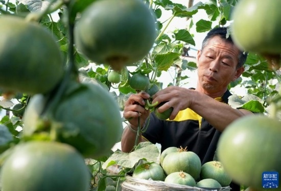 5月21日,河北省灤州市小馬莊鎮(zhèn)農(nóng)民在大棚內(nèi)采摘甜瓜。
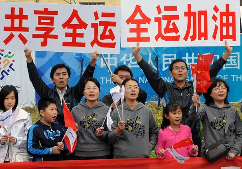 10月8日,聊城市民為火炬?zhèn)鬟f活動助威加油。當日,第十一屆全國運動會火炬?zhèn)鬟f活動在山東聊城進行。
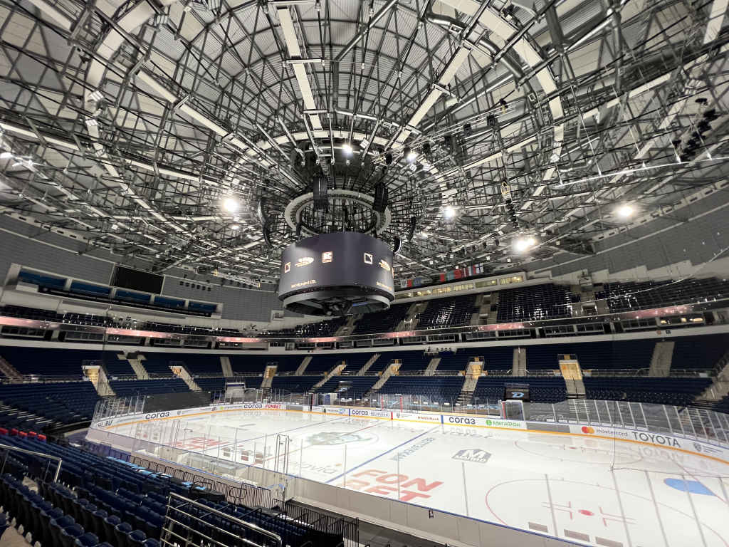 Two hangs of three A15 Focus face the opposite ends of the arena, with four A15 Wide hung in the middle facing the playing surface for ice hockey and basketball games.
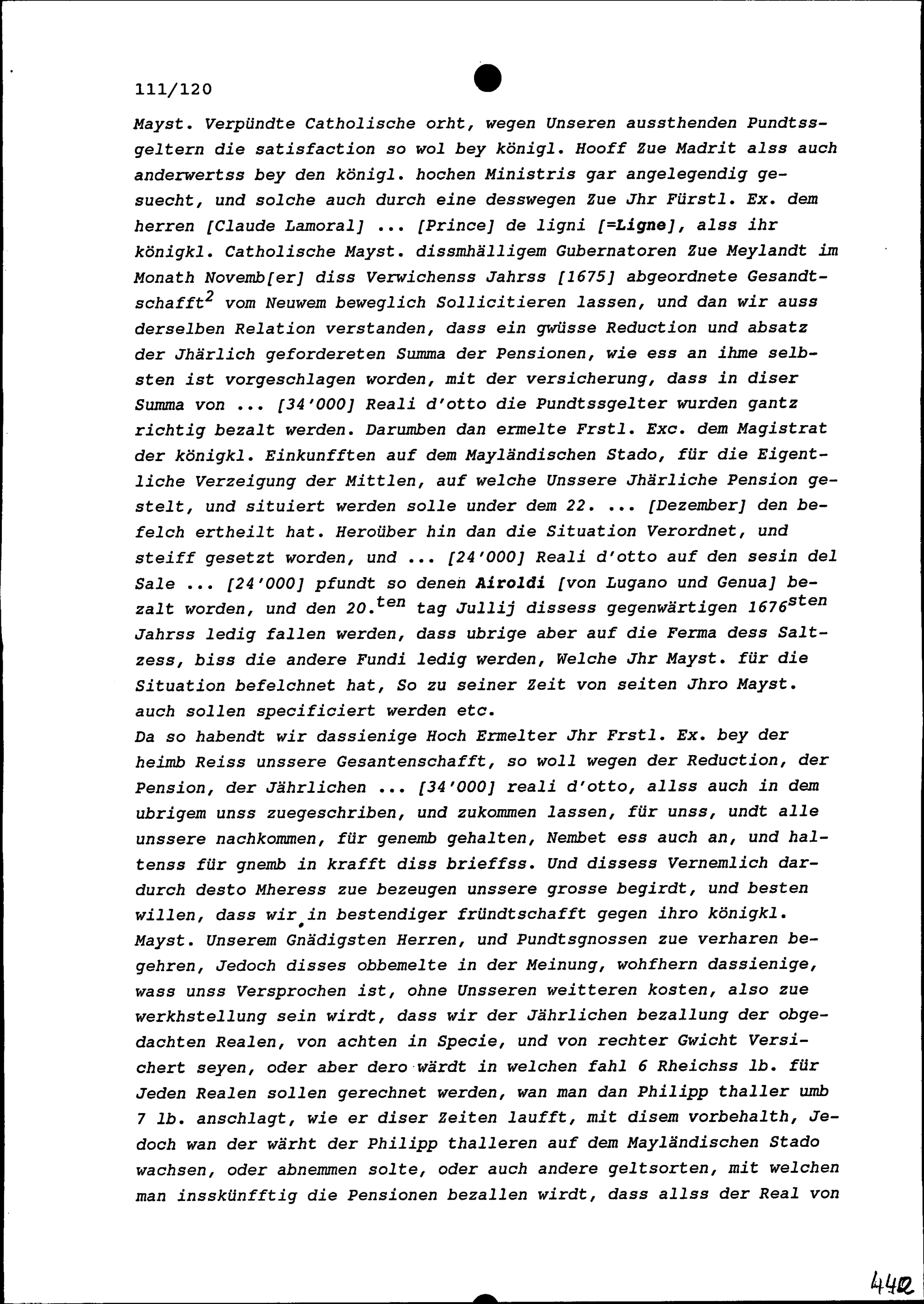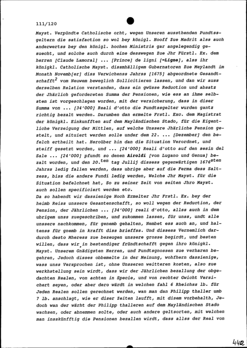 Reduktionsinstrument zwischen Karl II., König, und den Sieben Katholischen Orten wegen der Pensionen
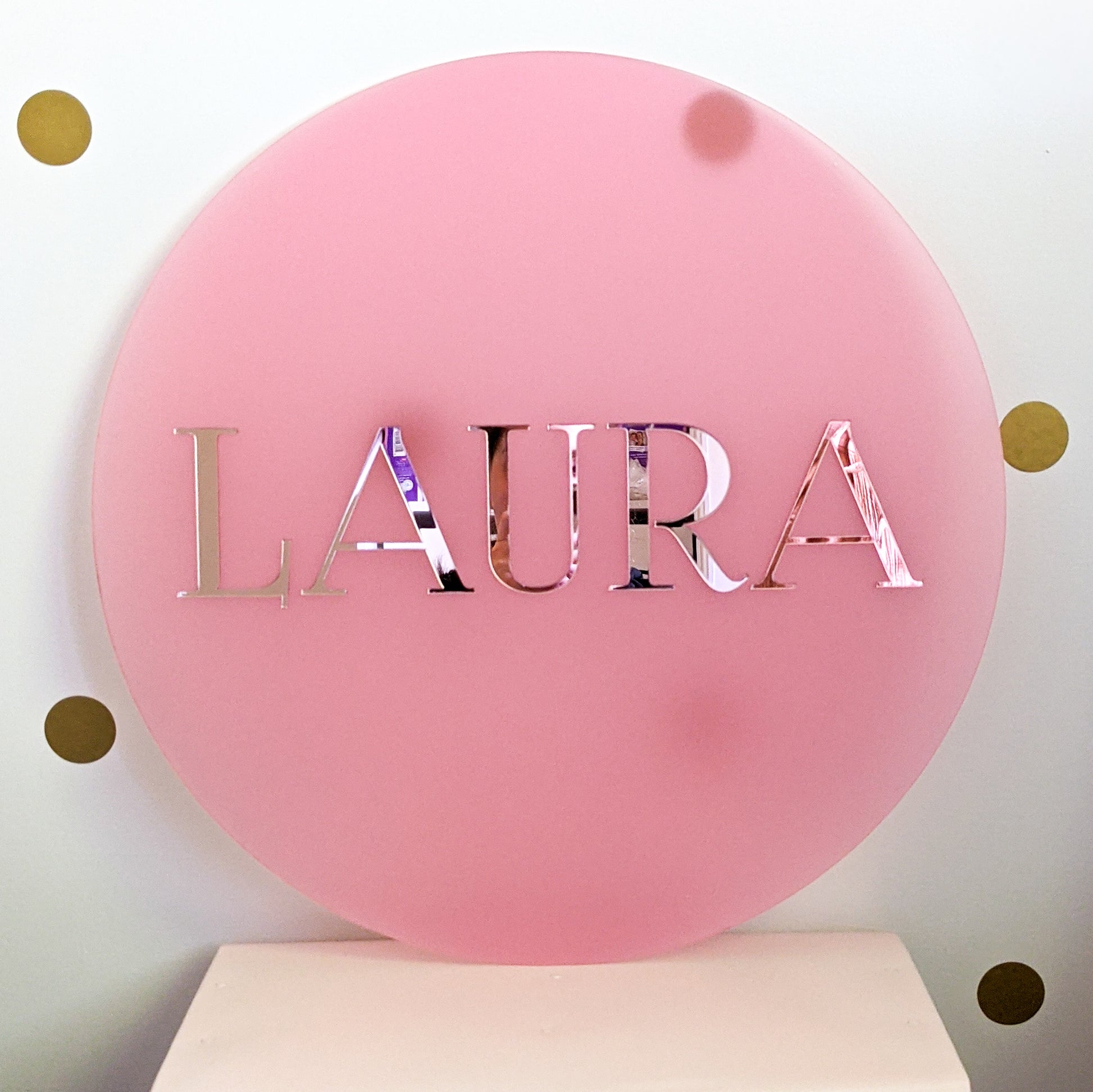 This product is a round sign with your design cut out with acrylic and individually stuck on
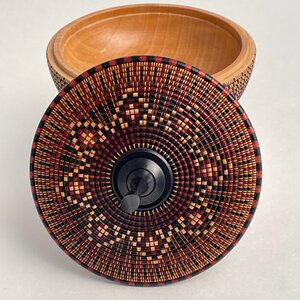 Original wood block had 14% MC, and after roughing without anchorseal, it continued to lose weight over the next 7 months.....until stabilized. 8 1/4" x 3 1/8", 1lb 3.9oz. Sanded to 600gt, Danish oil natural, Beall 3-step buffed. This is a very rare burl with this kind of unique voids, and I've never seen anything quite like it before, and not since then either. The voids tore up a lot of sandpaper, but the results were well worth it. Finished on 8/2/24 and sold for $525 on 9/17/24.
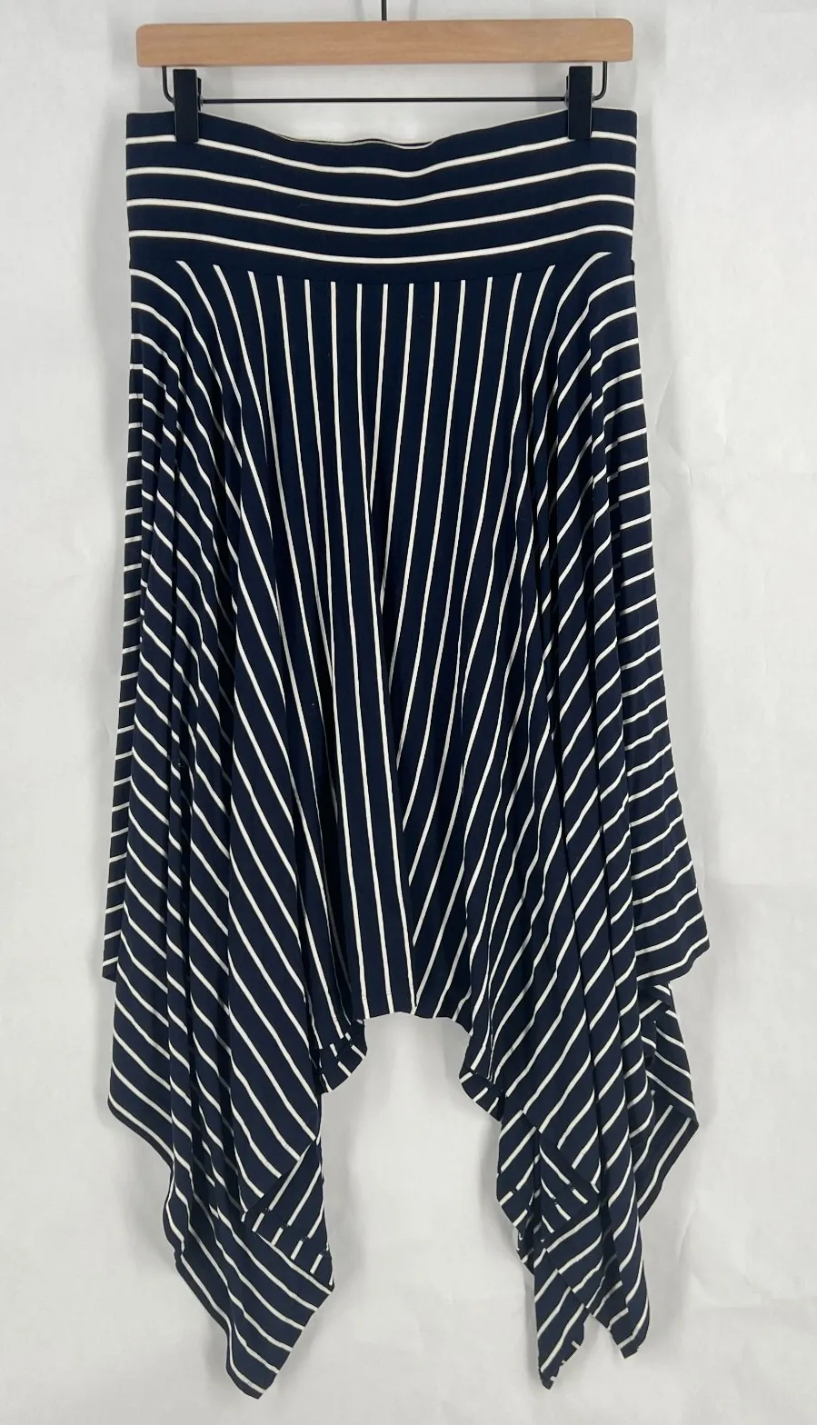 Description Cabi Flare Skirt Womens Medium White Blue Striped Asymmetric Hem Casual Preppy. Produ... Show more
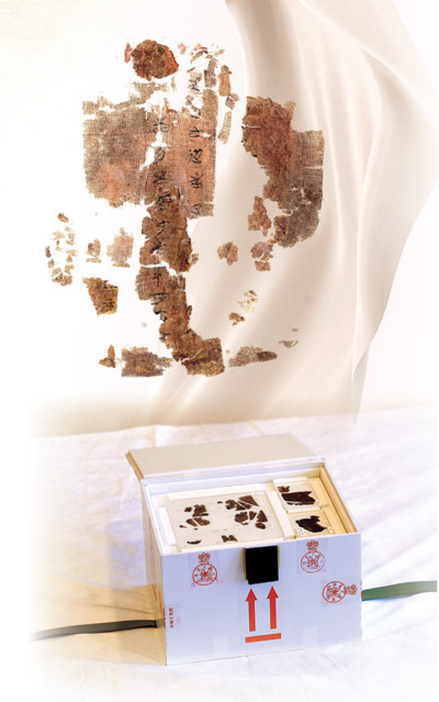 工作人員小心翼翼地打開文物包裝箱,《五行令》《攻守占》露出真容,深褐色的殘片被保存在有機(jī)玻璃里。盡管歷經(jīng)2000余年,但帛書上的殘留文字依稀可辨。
══════
### About this task
Print exactly what appears from the first line of the listing above down to the line containing "Two hangs of", inclusive, and leave out all pictures.

### Answer section
 5月21日,河北省灤州市小馬莊鎮(zhèn)農(nóng)民在大棚內(nèi)采摘甜瓜。
 10月8日,聊城市民為火炬?zhèn)鬟f活動助威加油。當日,第十一屆全國運動會火炬?zhèn)鬟f活動在山東聊城進行。
 Two hangs of three A15 Focus face the opposite ends of the arena, with four A15 Wide hung in the middle facing the playing surface for ice hockey and basketball games.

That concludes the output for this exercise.